**Problem to work on**:
Return all the data exactly, keeping the pictures out.

**Data section**:
'''
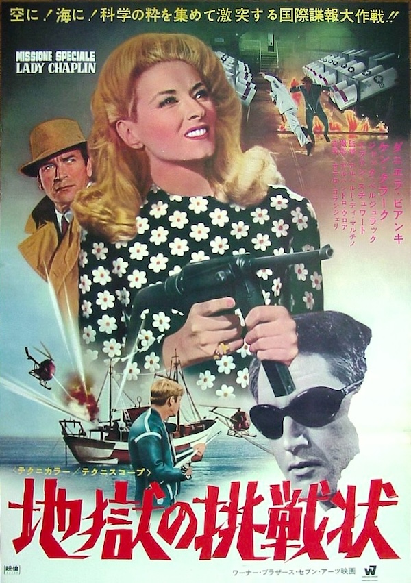 It’s winter in the south of Spain, which means rain, not cold (45°F is considered an ordeal here). But heavy precipitation is just as effective at keeping us indoors, and that means lots of movies—as you may have noticed. These two posters were made for the Japanese run of an Italian film called Mission speciale Lady Chaplin, and in English, Operation Lady Chaplin. This one surprised us. It’s low budget, but high budget within that tier. Which is to say that while it suffers from the same performance issues as other ’60s spy flicks that aren’t James Bond, it has nice exteriors shot in Madrid, London, Rome, and Paris, has reasonably convincing special effects, and even uses real helicopters. We learned after watching it that it’s the third and last of a series of films starring Ken Clark as secret agent 077. So with an audience baked in, it makes sense that real money was spent.
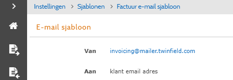 Standaard wordt bij verzenden van facturen en offertes vanuit Twinfield het volgende mailadres gebruikt: invoicing@mailer.twinfield.com
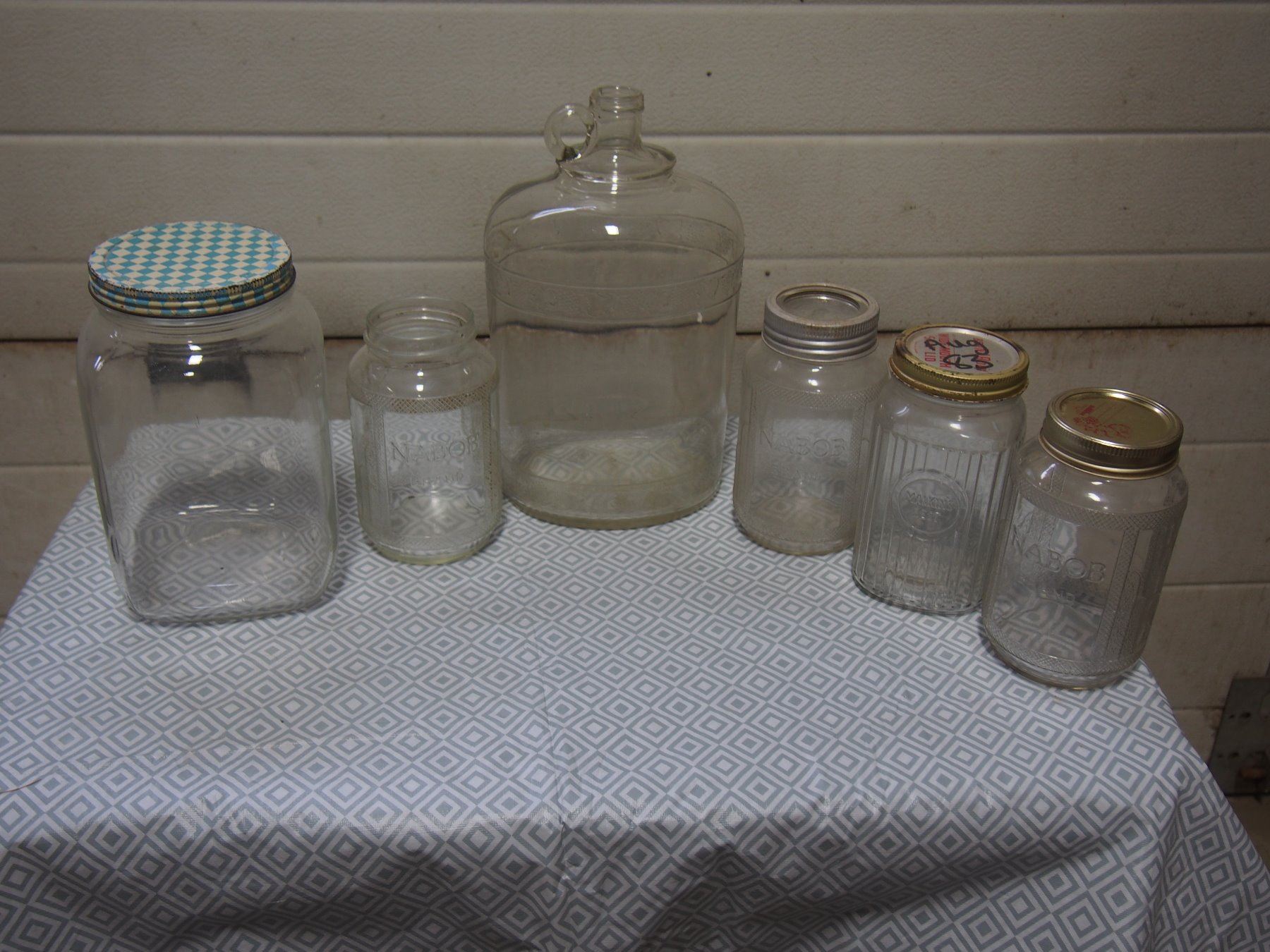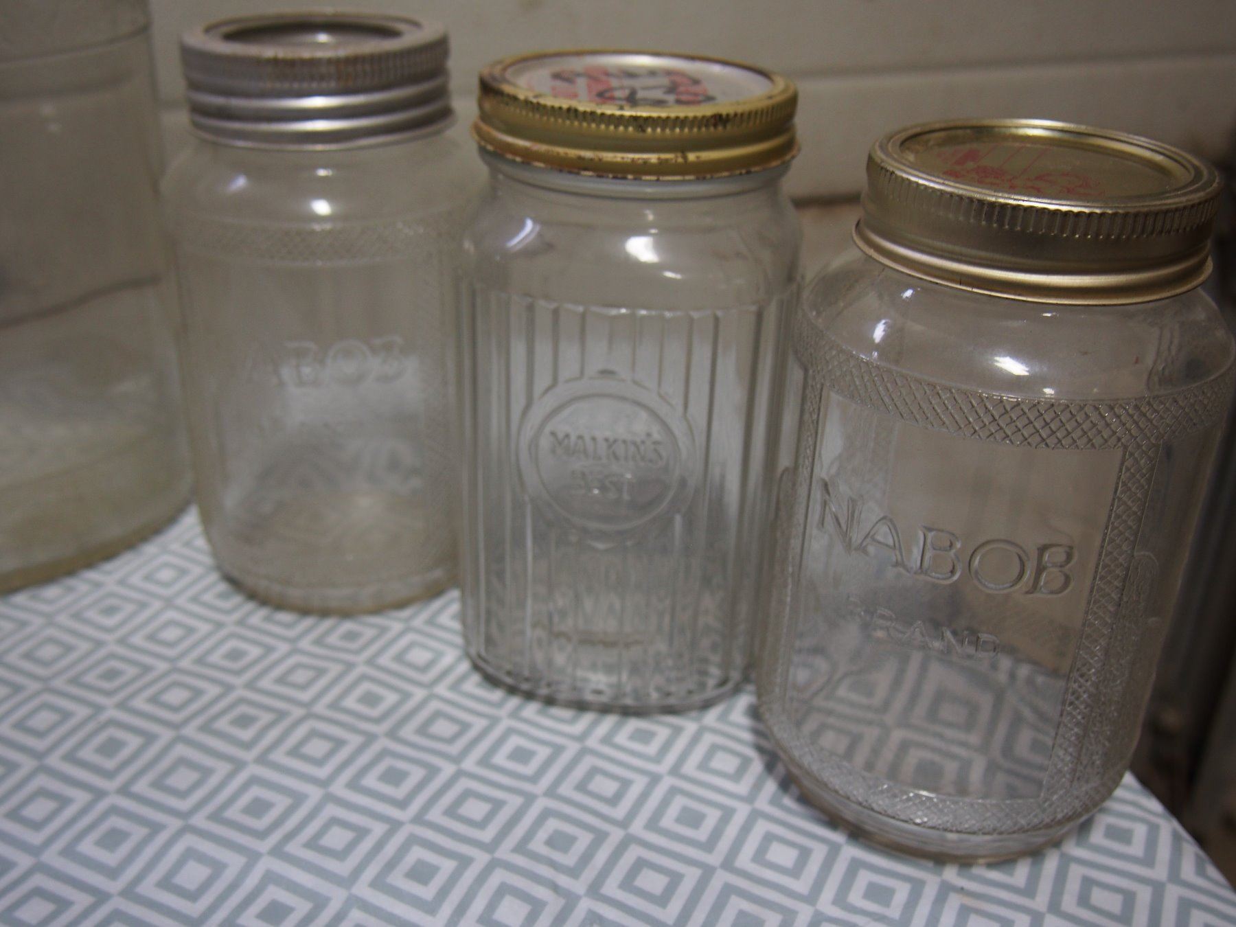 Malkin's Best Coffee Jar, 3 Nabob Coffee Jars and Whiskey Jars
'''
**Solution to this task**:
 It’s winter in the south of Spain, which means rain, not cold (45°F is considered an ordeal here). But heavy precipitation is just as effective at keeping us indoors, and that means lots of movies—as you may have noticed. These two posters were made for the Japanese run of an Italian film called Mission speciale Lady Chaplin, and in English, Operation Lady Chaplin. This one surprised us. It’s low budget, but high budget within that tier. Which is to say that while it suffers from the same performance issues as other ’60s spy flicks that aren’t James Bond, it has nice exteriors shot in Madrid, London, Rome, and Paris, has reasonably convincing special effects, and even uses real helicopters. We learned after watching it that it’s the third and last of a series of films starring Ken Clark as secret agent 077. So with an audience baked in, it makes sense that real money was spent.
 Standaard wordt bij verzenden van facturen en offertes vanuit Twinfield het volgende mailadres gebruikt: invoicing@mailer.twinfield.com
 Malkin's Best Coffee Jar, 3 Nabob Coffee Jars and Whiskey Jars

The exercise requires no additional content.